About this exercise
Only the lines from the one containing "Lefkoşa Türk Belediyesi, şehir" through the end of the records should be retyped, exactly and including both ends; pictures stay out.

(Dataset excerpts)
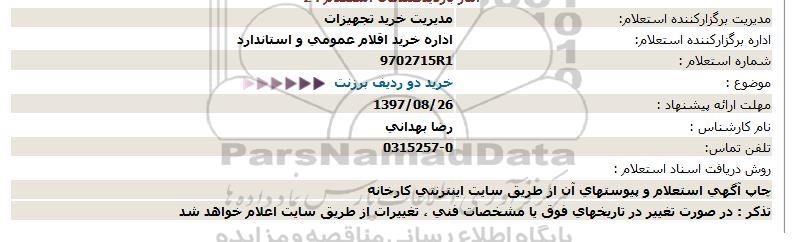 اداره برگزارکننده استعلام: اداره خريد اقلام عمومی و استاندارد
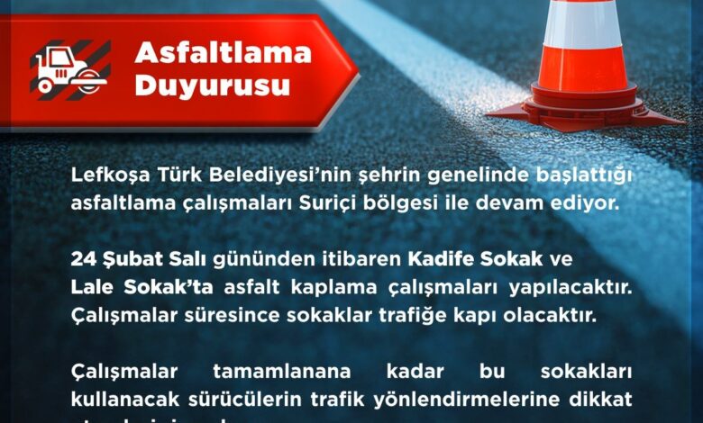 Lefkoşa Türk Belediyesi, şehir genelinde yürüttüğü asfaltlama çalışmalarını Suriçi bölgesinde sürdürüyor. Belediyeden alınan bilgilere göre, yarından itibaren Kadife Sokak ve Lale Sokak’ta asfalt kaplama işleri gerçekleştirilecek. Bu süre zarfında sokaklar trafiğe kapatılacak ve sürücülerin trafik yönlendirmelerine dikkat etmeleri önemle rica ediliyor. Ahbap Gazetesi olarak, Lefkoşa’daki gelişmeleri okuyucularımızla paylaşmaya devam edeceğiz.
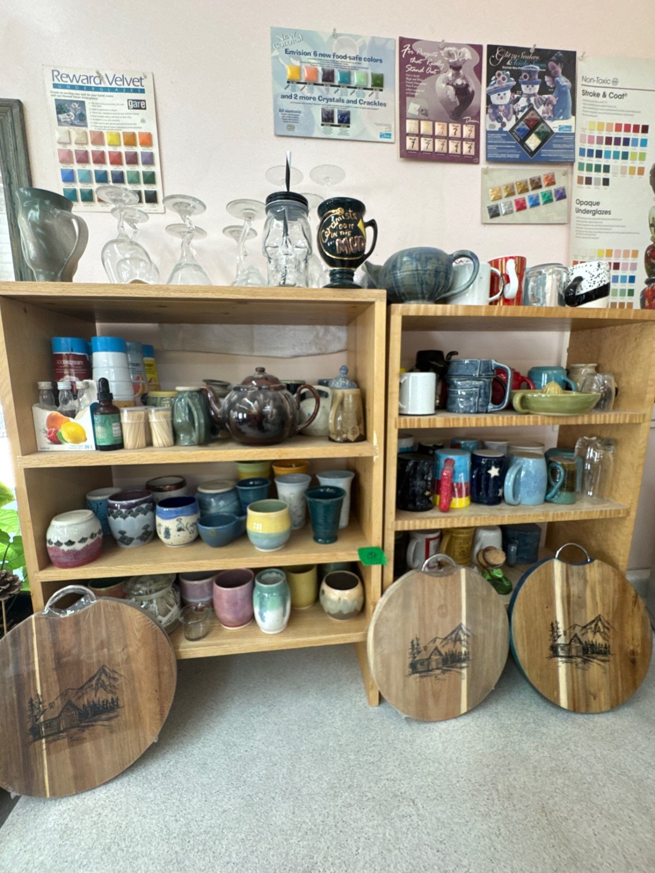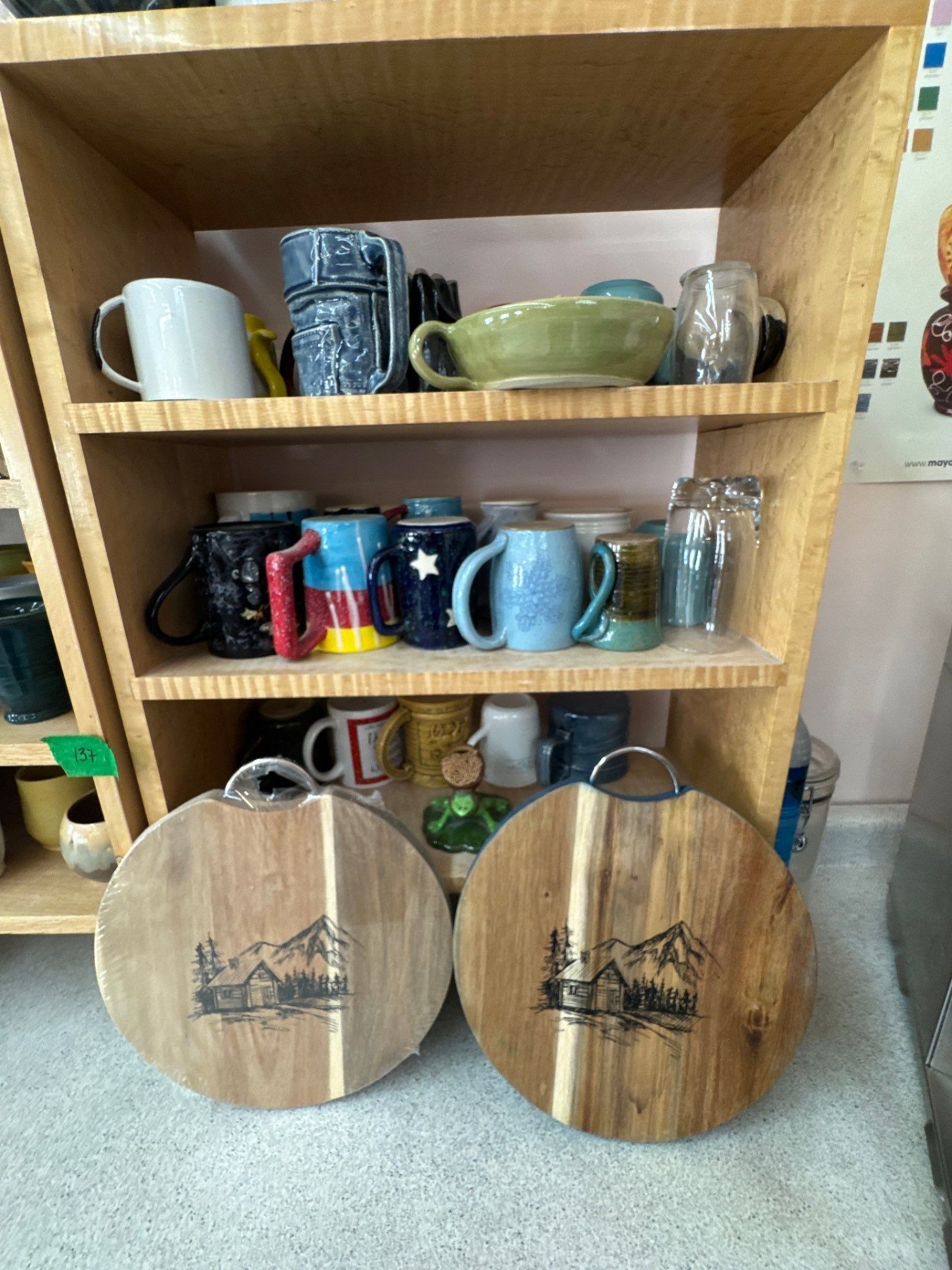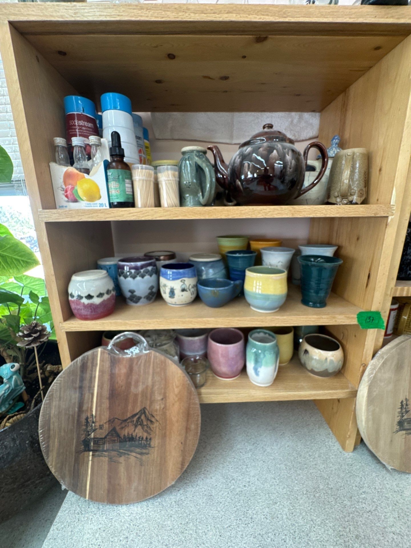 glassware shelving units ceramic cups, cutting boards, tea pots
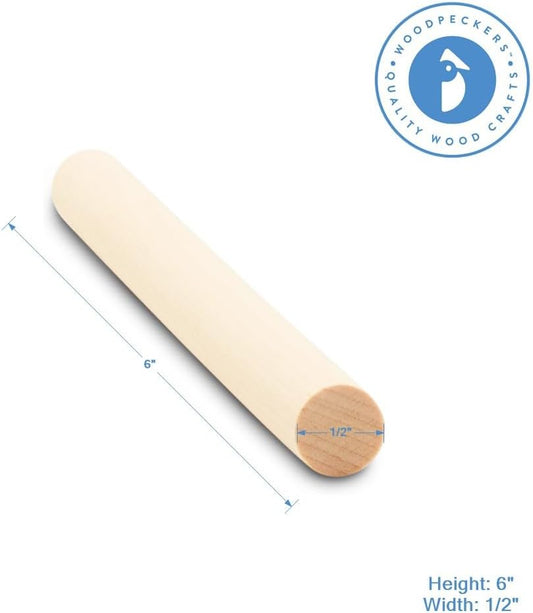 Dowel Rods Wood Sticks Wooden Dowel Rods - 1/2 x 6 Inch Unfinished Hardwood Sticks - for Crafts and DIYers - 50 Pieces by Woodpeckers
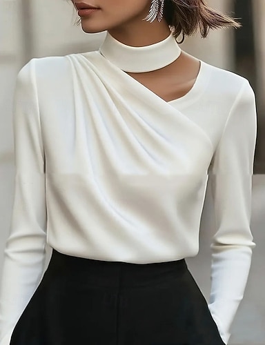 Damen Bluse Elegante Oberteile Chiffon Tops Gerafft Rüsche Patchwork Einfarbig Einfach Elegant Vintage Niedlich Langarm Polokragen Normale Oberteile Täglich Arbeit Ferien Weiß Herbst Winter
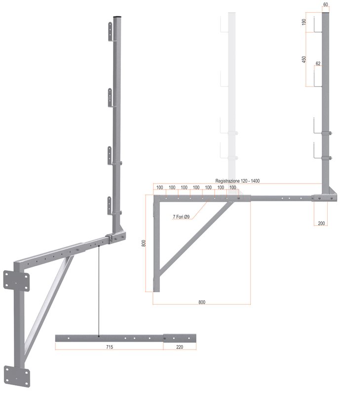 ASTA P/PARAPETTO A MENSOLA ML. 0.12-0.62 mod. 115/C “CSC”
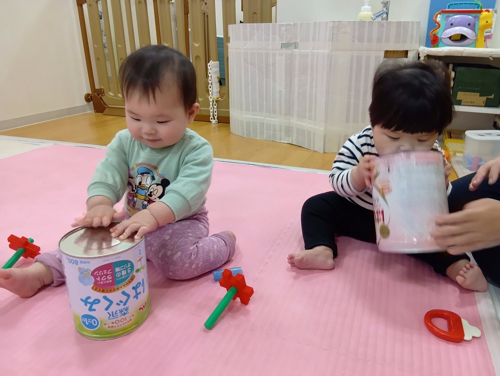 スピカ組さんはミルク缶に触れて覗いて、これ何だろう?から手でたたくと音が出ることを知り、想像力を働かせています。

Task answer
 Lefkoşa Türk Belediyesi, şehir genelinde yürüttüğü asfaltlama çalışmalarını Suriçi bölgesinde sürdürüyor. Belediyeden alınan bilgilere göre, yarından itibaren Kadife Sokak ve Lale Sokak’ta asfalt kaplama işleri gerçekleştirilecek. Bu süre zarfında sokaklar trafiğe kapatılacak ve sürücülerin trafik yönlendirmelerine dikkat etmeleri önemle rica ediliyor. Ahbap Gazetesi olarak, Lefkoşa’daki gelişmeleri okuyucularımızla paylaşmaya devam edeceğiz.
 glassware shelving units ceramic cups, cutting boards, tea pots
 Dowel Rods Wood Sticks Wooden Dowel Rods - 1/2 x 6 Inch Unfinished Hardwood Sticks - for Crafts and DIYers - 50 Pieces by Woodpeckers
 Damen Bluse Elegante Oberteile Chiffon Tops Gerafft Rüsche Patchwork Einfarbig Einfach Elegant Vintage Niedlich Langarm Polokragen Normale Oberteile Täglich Arbeit Ferien Weiß Herbst Winter
 ASTA P/PARAPETTO A MENSOLA ML. 0.12-0.62 mod. 115/C “CSC”
 スピカ組さんはミルク缶に触れて覗いて、これ何だろう?から手でたたくと音が出ることを知り、想像力を働かせています。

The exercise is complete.